Consideramos que o Enunciado Ludovicense da fundação francesa de São Luís é apresentado ao “domínio público” em termos mitológicos e não nos termos de um discurso lógico, factual. E a pretensão de seus promotores é de imprimir-lhe a força de um mito, e não de um argumento lógico. Neste aspecto este enunciado é de natureza mitológica. Entretanto, se por um lado já não se sustenta como argumento, por outro não reúne as qualidades de um mito de origem, se revelando um mito moderno, e que faz parte de um esforço “para fazer as imagens ultrapassarem a condição de meras matérias-primas das aparências da vida”.

Sobre o carnaval, é mesmo uma festa que reúne fantasias, histórias, mitos e lendas.
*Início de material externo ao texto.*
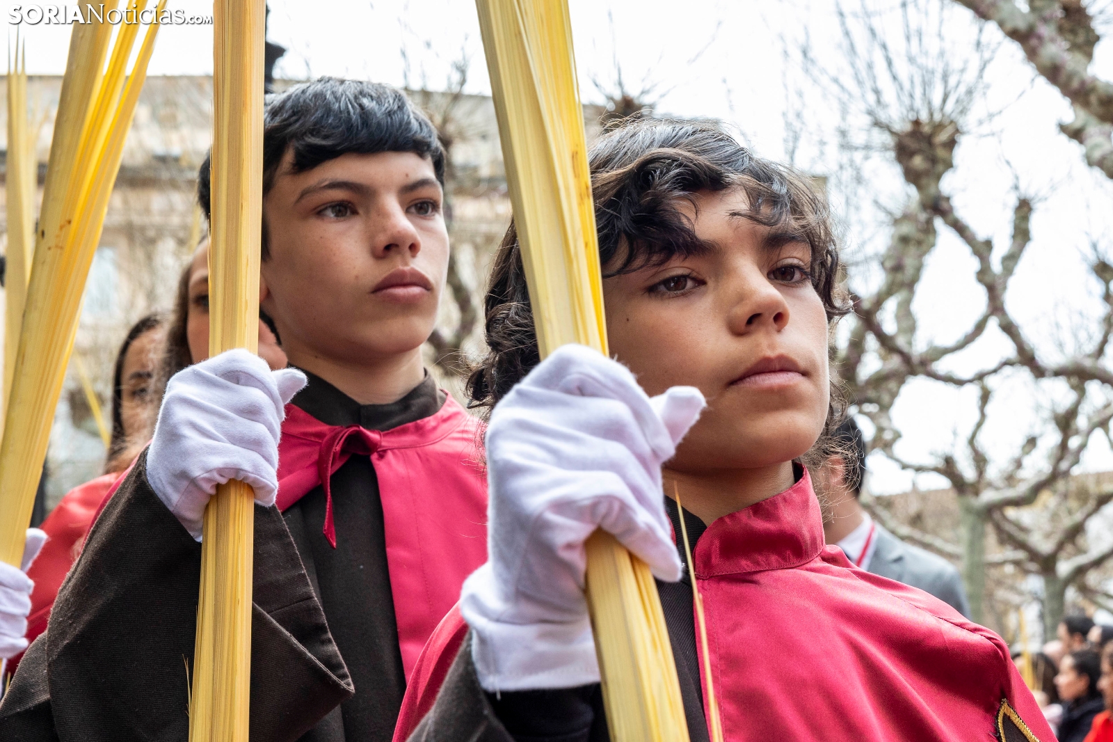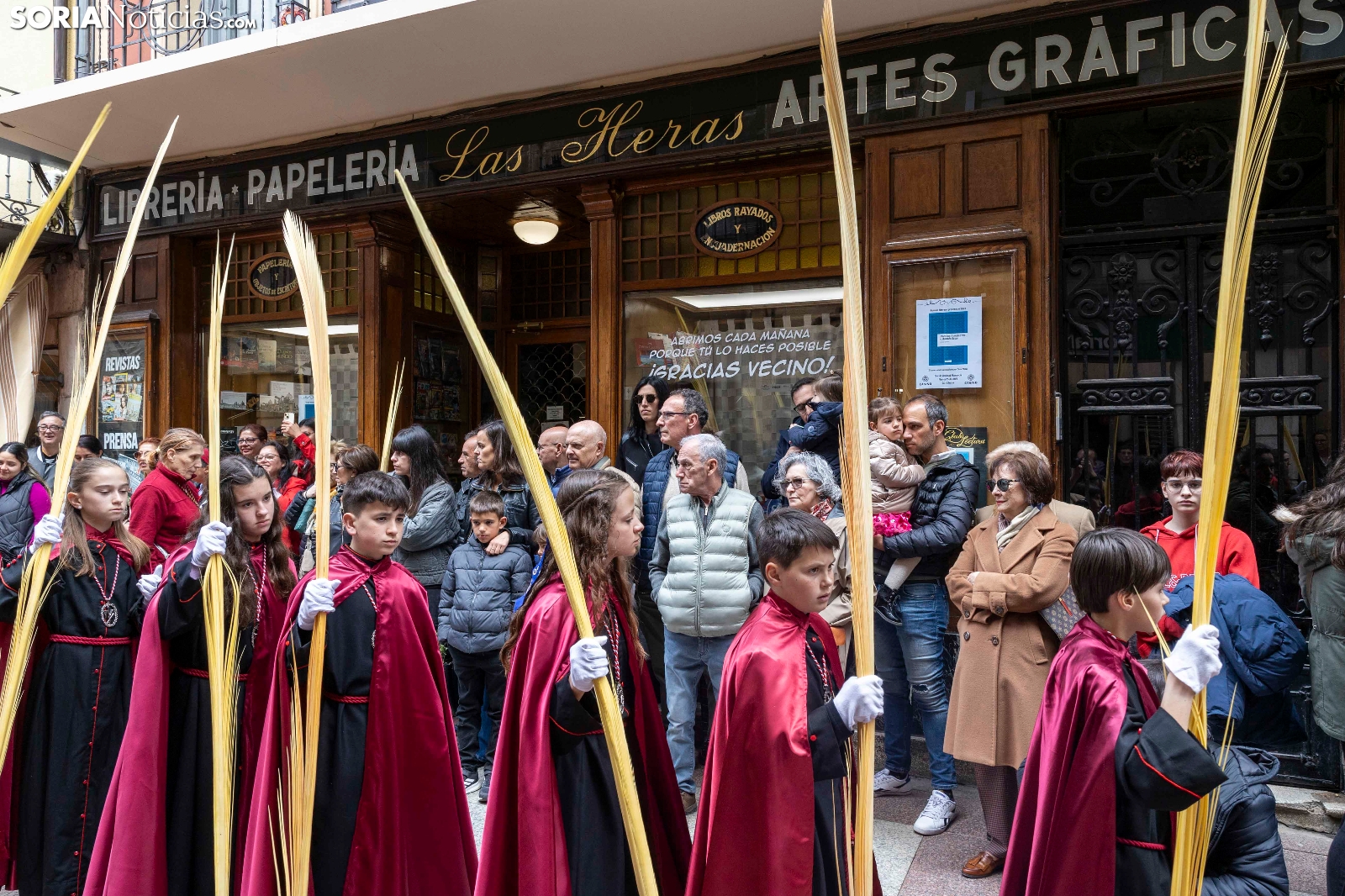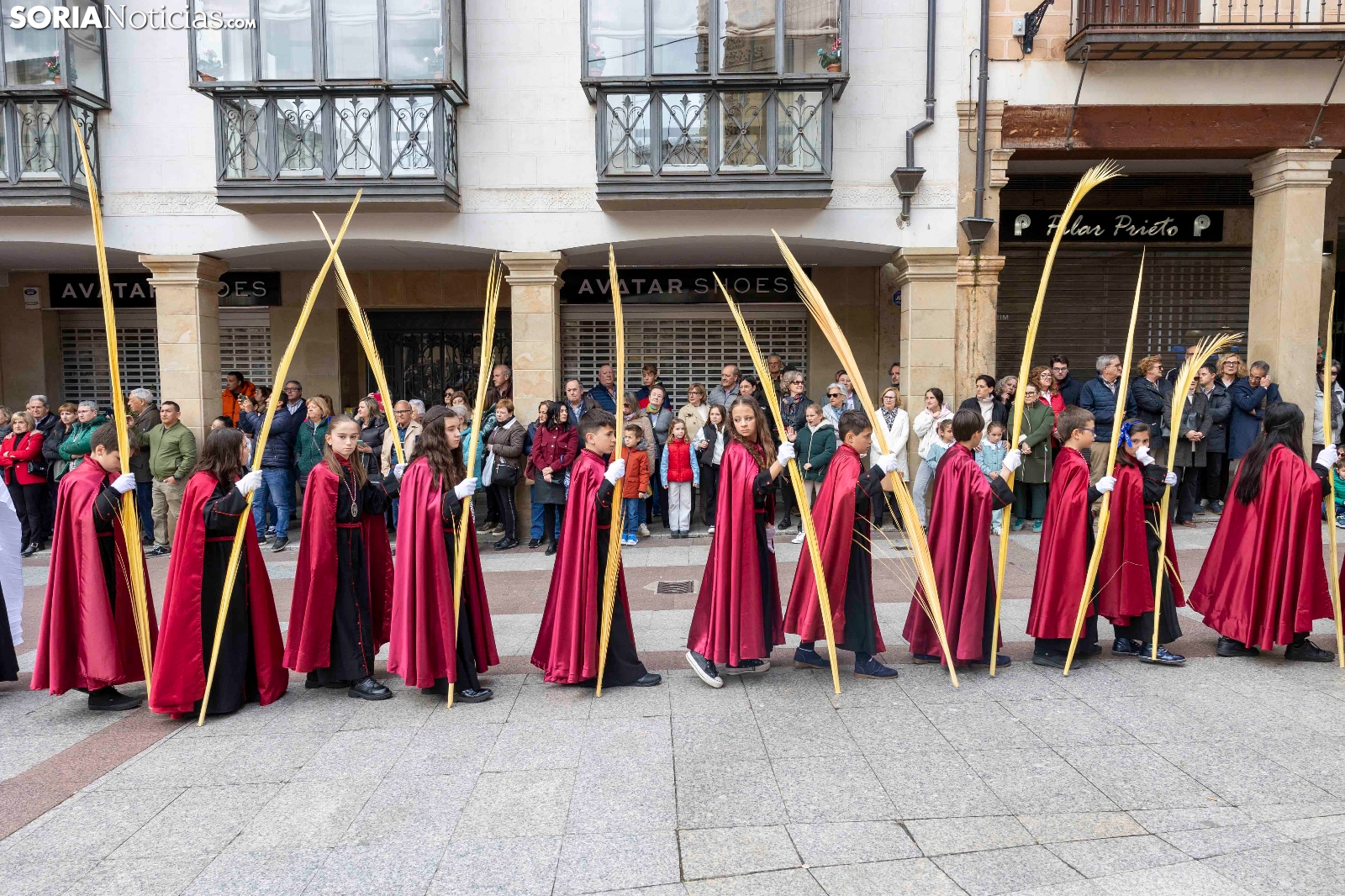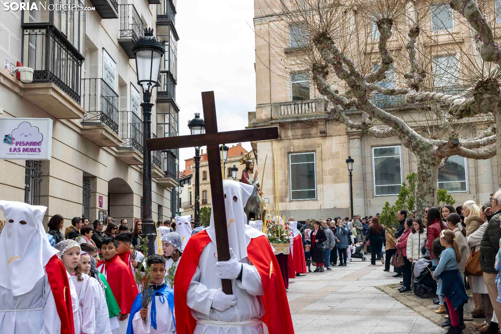 Tras mucho mirar al cielo, el tiempo finalmente ha permitido la celebración de la primera procesión de la Pasión de Cristo en la capital soriana, conocida popularmente como la Borriquilla. Esta procesión del Domingo de Ramos rememora la entrada triunfal de Jesús en Jerusalén y, en Soria, comenzó a celebrarse en 1960, destacando desde sus inicios la participación de los niños como protagonistas.

Quanto ao ciclo de debates do Instituto Histórico e Geográfico do Maranhão, que prioriza a questão da fundação de São Luís, o que poderia ser uma ocorrência esclarecedora como um amplo processo de debate pautado no princípio da objetividade científica, uma vez que essa problemática foi (re)colocada na esfera da mitologia, nos parece mais uma peça a serviço da negação do esclarecimento, pois o lema impresso nos cartazes, folderes e peças publicitárias do IHGM vaticina: A cidade do Maranhão – uma história de 400 anos.
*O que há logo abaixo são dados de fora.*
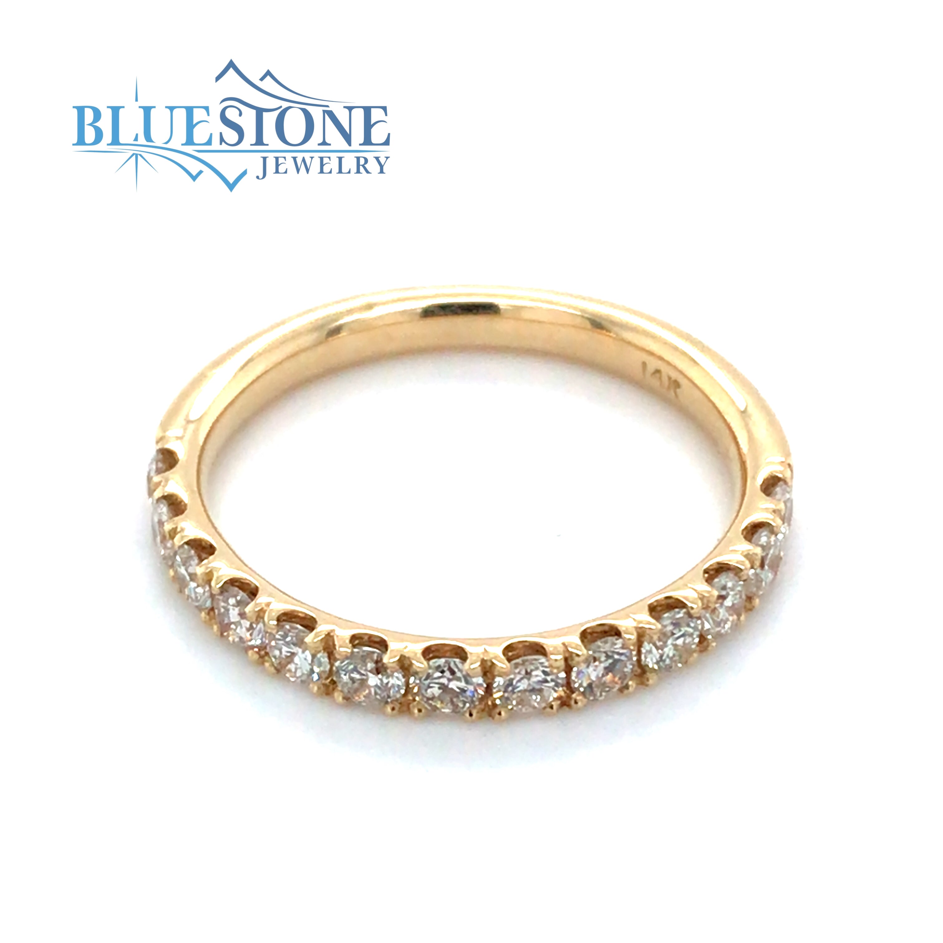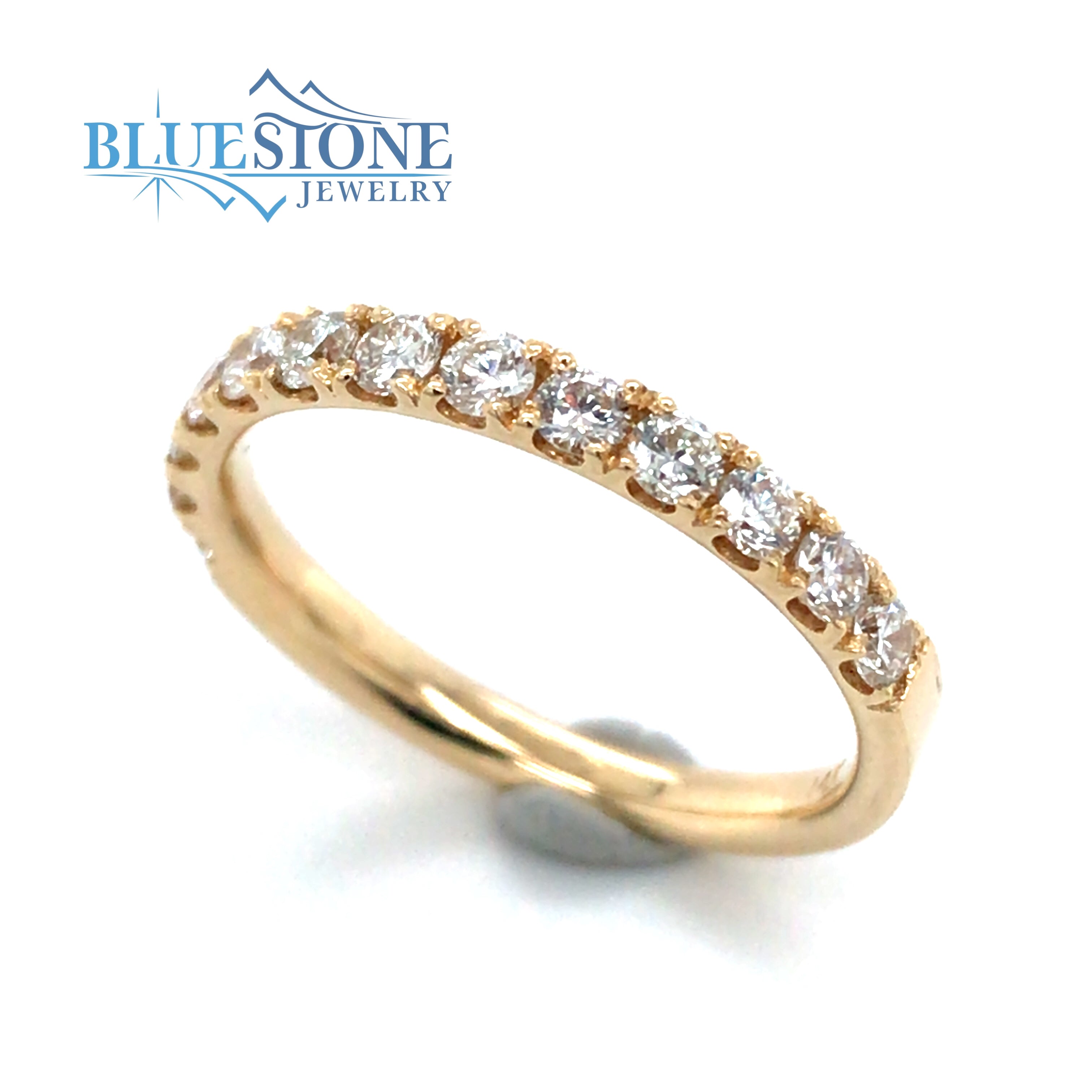 14 Karat Yellow Gold Wedding Band or Fashion Ring with 13 Round Natural Diamonds at 0.60 Carats Total Weight G SI Quality Diamonds. 2.20 Total Gram Weight.Ring Size 6.5.

Ora, a própria referência a São Luís como “a cidade do Maranhão” é a representação da “ideologia da singularidade ludovicense” construída no século 19, mas que ainda hoje confunde a mente de muita gente e contribui para manter a cidade de São Luís diferenciada e distanciada das outras regiões do estado e do Brasil. E quando diz “uma história de 400 anos” – embora admita outras “conclusões possíveis” – o IHGM já deixa claro o partido que defende.
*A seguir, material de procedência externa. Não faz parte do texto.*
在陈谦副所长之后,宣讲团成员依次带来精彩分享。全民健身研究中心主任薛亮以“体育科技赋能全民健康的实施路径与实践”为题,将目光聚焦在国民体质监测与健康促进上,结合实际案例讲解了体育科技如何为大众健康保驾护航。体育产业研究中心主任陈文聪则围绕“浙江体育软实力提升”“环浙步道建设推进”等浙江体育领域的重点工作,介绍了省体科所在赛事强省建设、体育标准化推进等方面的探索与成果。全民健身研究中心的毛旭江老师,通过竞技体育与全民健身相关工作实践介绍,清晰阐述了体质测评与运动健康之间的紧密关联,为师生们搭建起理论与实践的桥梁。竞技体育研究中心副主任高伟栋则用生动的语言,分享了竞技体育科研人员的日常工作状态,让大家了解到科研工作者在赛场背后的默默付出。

Conclui-se finalmente que a “fundação de São Luís” como fato histórico está fora de questão, a contenda é outra. “O que importa é o que se diz”, ou seja, o problema é o enunciado, o discurso. Um discurso de caráter mitológico. Entretanto, embora se encontre desamparado no âmbito da mitologia tradicional, como mito moderno se apresenta associado a uma ideologia (singularidade) local. E, pressupondo que nesta combinação não há neutralidade e cada um desempenha suas funções interferindo em vários aspectos importantes da realidade humana, conclui-se que seguir tal enunciado é uma escolha política. E assim, para além do salutar aspecto teórico, adotar a missa como mito de fundação ou adotar o mito moderno como versão histórica é uma escolha que não se deve reduzir ao refinamento cultural de alguns “iluminados” que contemplam o mundo com a pura luz da razão. Quanto à ideologia da singularidade ludovicense, que pelo viés da cultura procura justificar o “isolamento” de São Luís, é outro problema.
São Luís, MA. Fevereiro de 2012.

Notas

(1) Graduando do curso de Filosofia / Universidade Federal do Maranhão.
(2) São Luizense ou ludovicense é adjetivo gentílico de quem nasce ou está radicado em São Luís. Vem do latim Ludovico, relativo ao nome próprio Luís. In Borralho, José Henrique de Paula. Uma Atenas Equinocial: a literatura e a fundação de um Maranhão no Império brasileiro. São Luís: Edfunc, 2010.
(3) “O Enunciado Ludovicense – outro olhar sobre a fundação de São Luís”, apresentado por este autor no Instituto Histórico Geográfico do Maranhão (IHGM) em julho de 2011.
(4) Professora aposentada da Universidade Federal do MA. (UFMA) e da Universidade Estadual do MA. (UEMA). Graduada em Direito e História, publicou os livros Educação na Baixada Maranhense 1828-1889 (1982); A Fundação Francesa de São Luís e seus mitos (2001); A Campanha da Produção 1948-1958 (2004) e Jerônimo de Albuquerque: guerra e fundação no Brasil colonial (2006).
(5) Ver artigo “Os estilhaços”: debate intelectual sobre a fundação francesa de São Luís do Maranhão, de Jhonatan Uelson Pereira Sousa. Disponível em www.outrostempos.uema.br/Volume04/vol04art08.pdf. Acesso em 14/jul/2011.